The points A(1, 8) and B(9, 0) are the end-points of a diameter of the circle w, as shown in the diagram - Leaving Cert Mathematics - Question 4 - 2018

The length of the radius can be found using the distance formula between the center and one of the endpoints of the diameter.
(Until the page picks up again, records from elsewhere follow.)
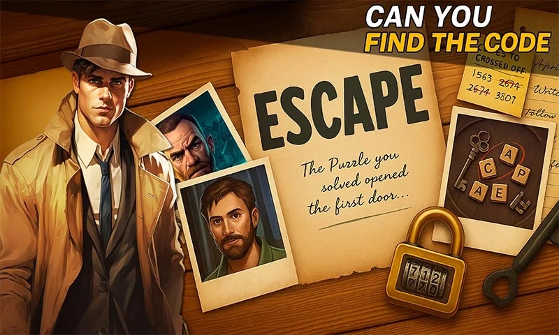 2、逃脱游戏模块如同一部黑色惊悚片,通过不同的房间推进剧情,显示出案件的多重进展。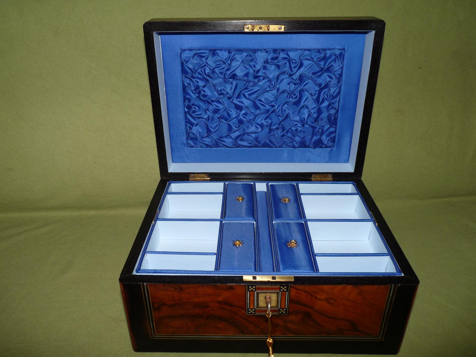 Large Victorian Inlaid Walnut & Coromandel Jewellery Box + Tray c.1875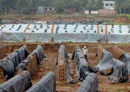 6月23日,工人在河南省上蔡縣肖李王村一個亂占耕地的磚瓦窯場工作。據(jù)介紹,河南省上蔡縣原有磚瓦窯場171座,占用耕地5600多畝,年消耗黏土資源40萬立方米。2007年5月,該縣強制拆除了部分非法磚瓦窯場,但一些非法窯主利欲熏心,頂風違紀,不少磚瓦場又死灰復燃。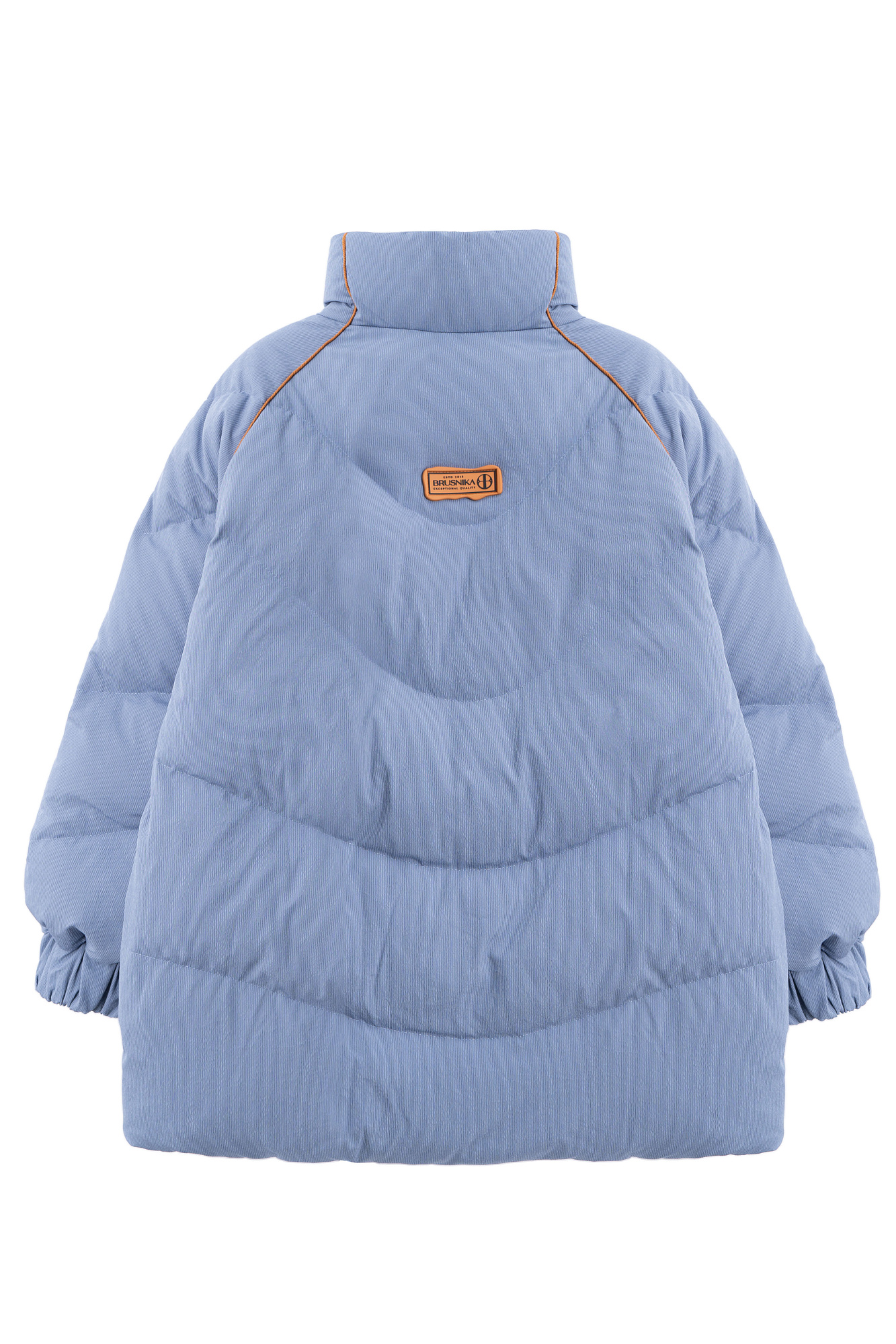 Удлиненный стеганый пуховик из текстурного нейлона. Модель с воротником-стойкой и прорезными карманами. Застежка на молнию. Брендированный ярлык на спине и рукаве изделия.
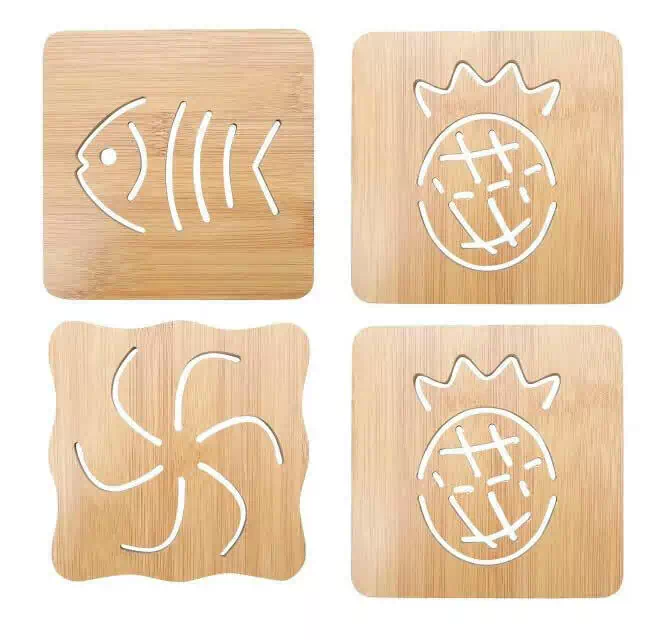 Kit 4 Peças Descanso De Panela Madeira Quadrado DECORADO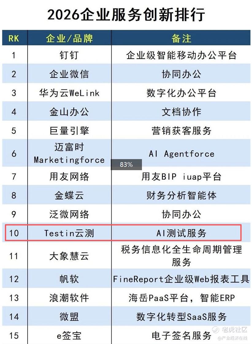 近日,由中国科学院主管的权威媒体《互联网周刊》正式公布了“2026企业服务创新排行”评选结果。Testin云测凭借在AI测试服务领域的深厚技术积淀与前沿创新成果,成功入选该榜单TOP 10。此次共同上榜的还有钉钉、企业微信、**云WeLink、金山办公、用友网络等国内科技领军企业。
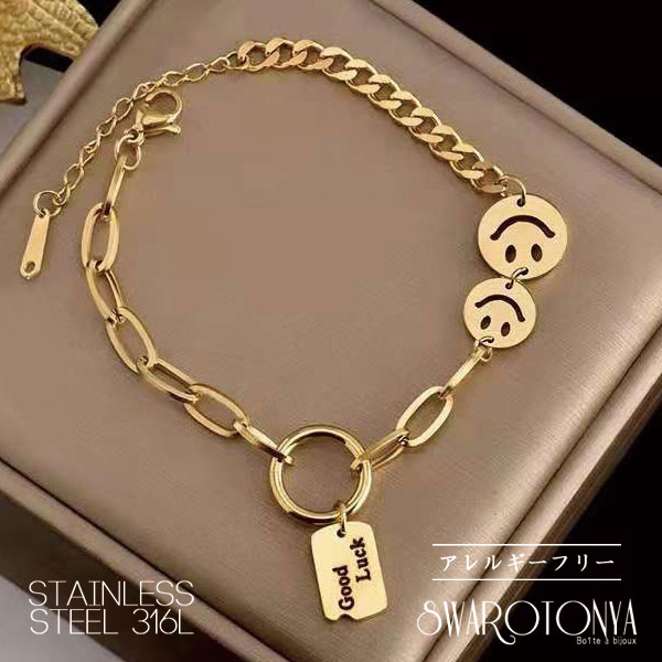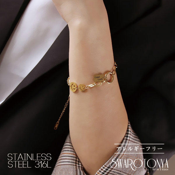 ステンレス ブレスレット スマイル ニコちゃん/ブレスレット 華奢ブレスレット 上品 デイリー 安心 金属アレルギー 結婚式 プレゼント パーティー ジュエリー アクセサリー ニッケルフリー 女性 スワロ問屋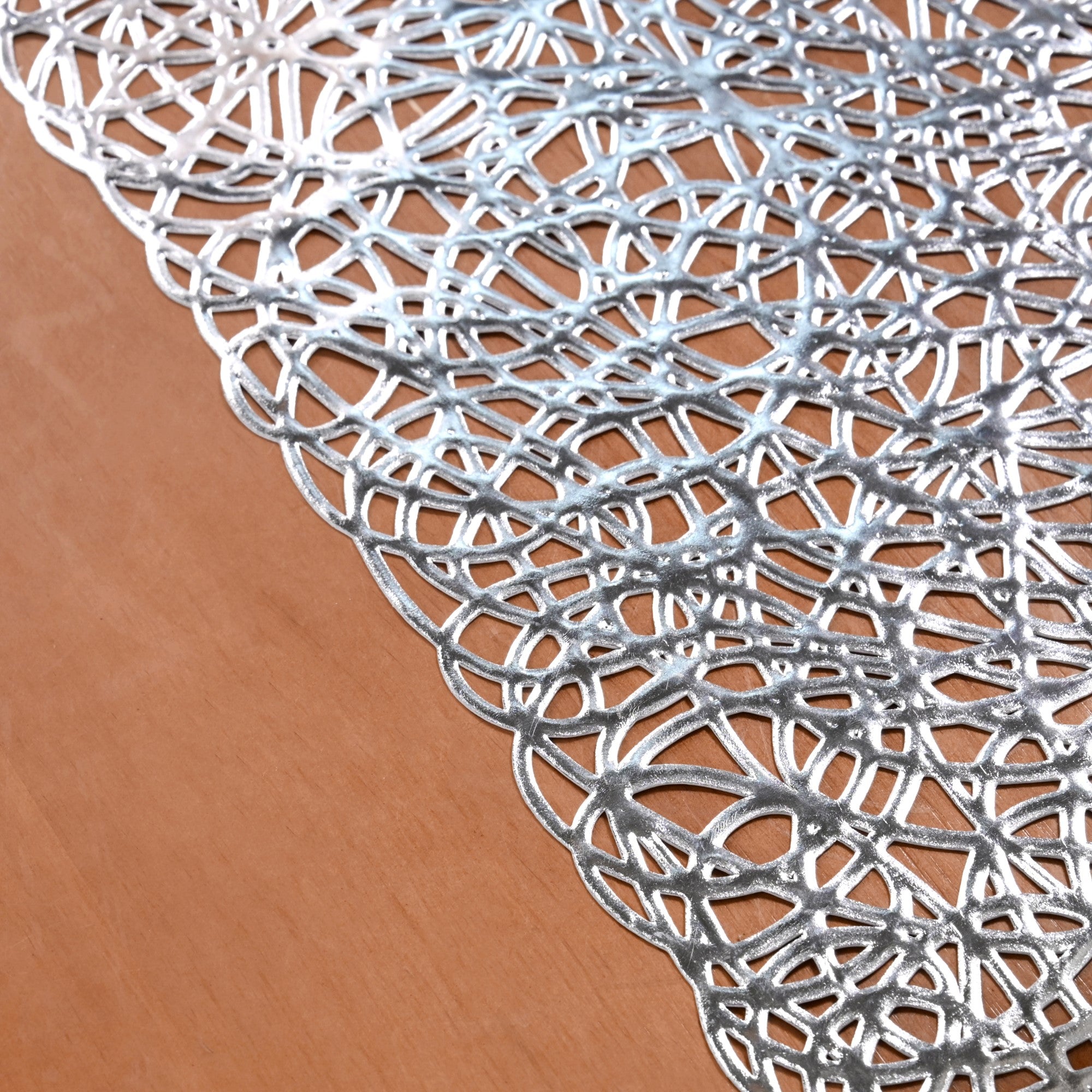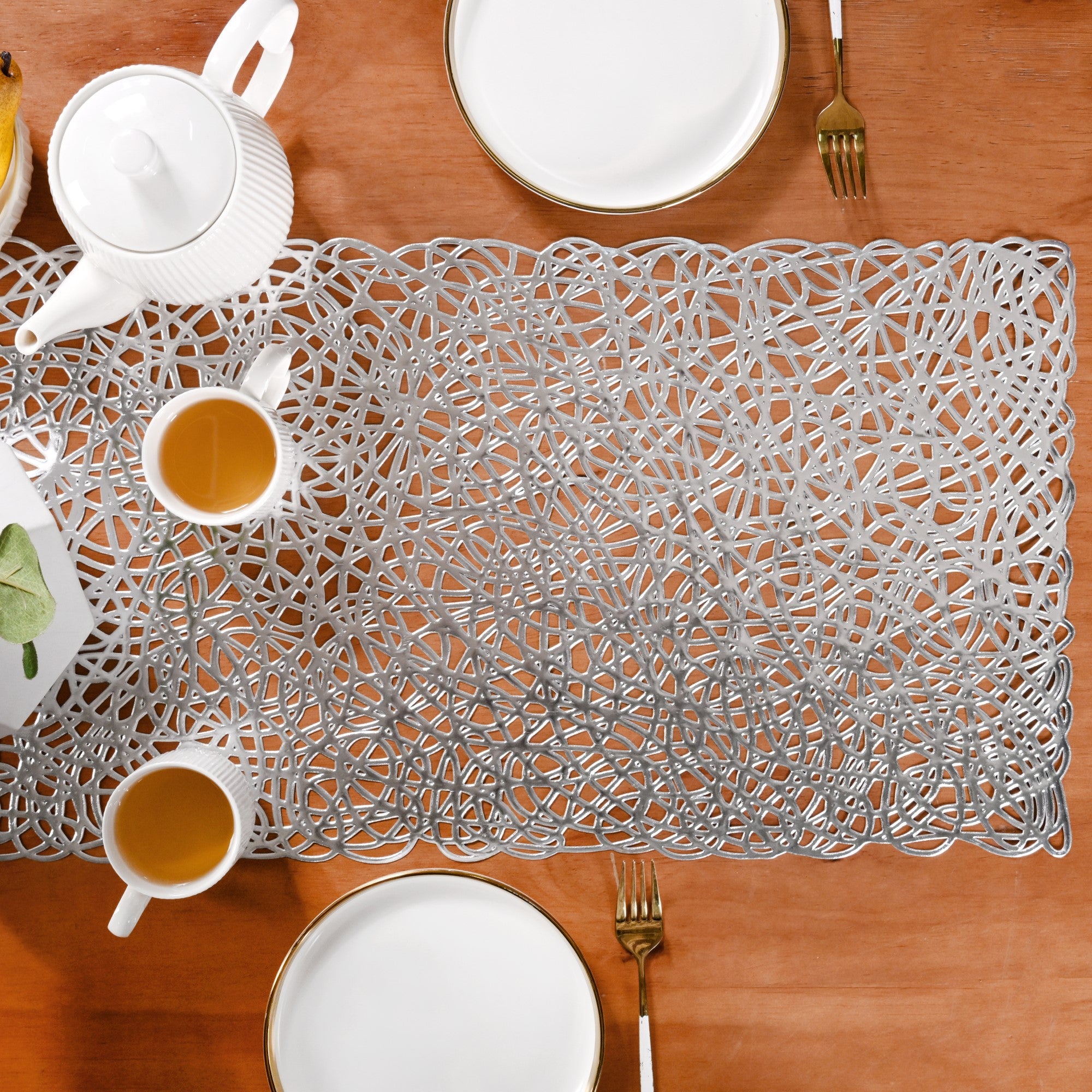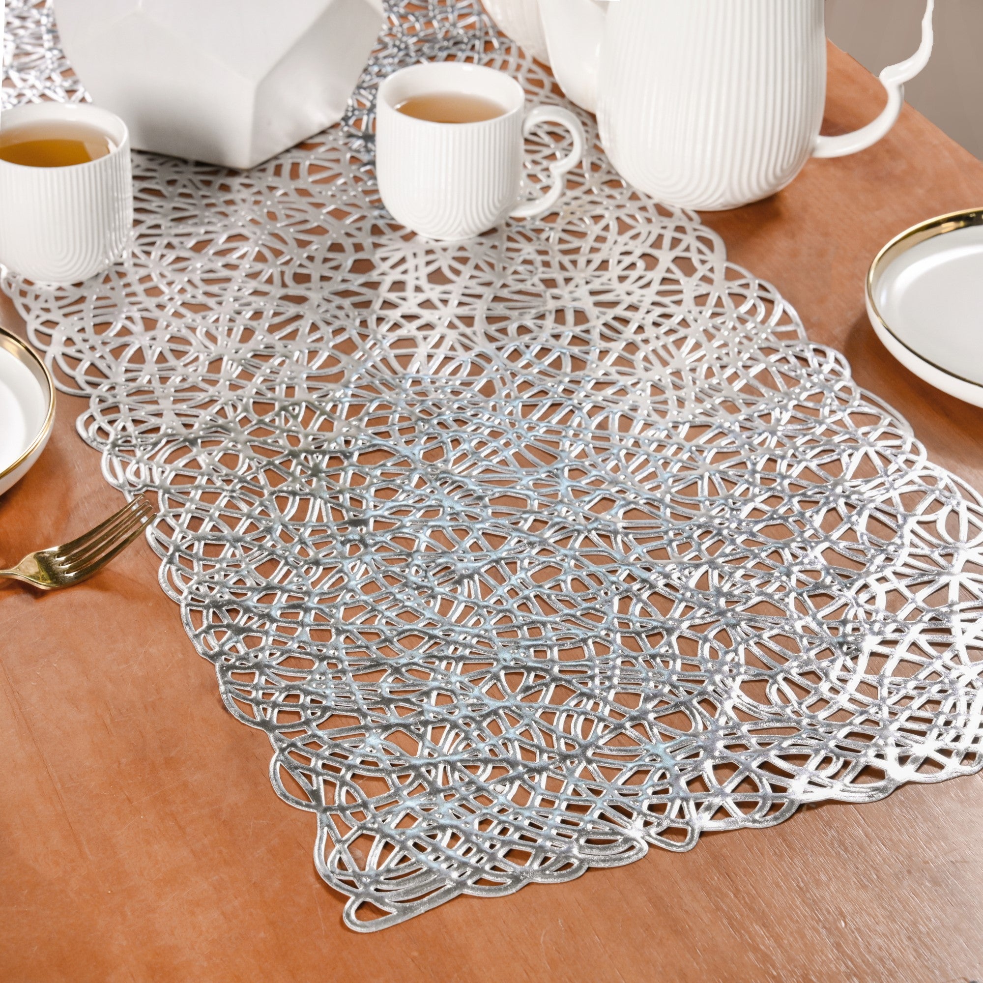 Design: Crafted for those who appreciate contemporary allure, this runner adds an eye-catching yet refined touch to everyday or festive tablescapes. Its standout feature is an intricate design, resembling a beautifully woven tapestry of abstract, interconnected loops and organic shapes. The continuous, interwoven pattern gives it a unique, unconventional edge, with fine line detailing that enhances its metallic sheen and visual depth.

Using point A(1, 8):

$$|AB| = \sqrt{(x_2 - x_1)^2 + (y_2 - y_1)^2}$$

Substituting the coordinates:

$$|AO| = \sqrt{(5 - 1)^2 + (4 - 8)^2} = \sqrt{(4)^2 + (-4)^2} = \sqrt{16 + 16} = \sqrt{32} = 4\sqrt{2}.$$

Thus, the radius is $4\sqrt{2}$.

For a circle with center (h, k) and radius r, the equation is given by:

$$(x - h)^2 + (y - k)^2 = r^2.$$

Substituting h = 5, k = 4, and r = 4\sqrt{2}:

$$(x - 5)^2 + (y - 4)^2 = (4\sqrt{2})^2 = 32.$$

Hence, the equation of the circle w is:

$$(x - 5)^2 + (y - 4)^2 = 32.$$

To find the tangent line at point A(1, 8), we first calculate the slope of the radius OA. The slope can be calculated as:

$$\text{slope} = \frac{y_2 - y_1}{x_2 - x_1} = \frac{4 - 8}{5 - 1} = \frac{-4}{4} = -1.$$

The slope of the tangent line will be the negative reciprocal of the slope of the radius:

$$\text{slope of tangent} = 1.$$

Using point-slope form of a line equation:

$$(y - y_1) = m(x - x_1),$$

Substituting m = 1 and point A(1, 8):

$$(y - 8) = 1(x - 1) \\ y - 8 = x - 1 \\ y = x + 7.$$

Rearranging to standard form:

$$-x + y - 7 = 0.$$

Thus, the equation of the tangent line is $-x + y - 7 = 0$.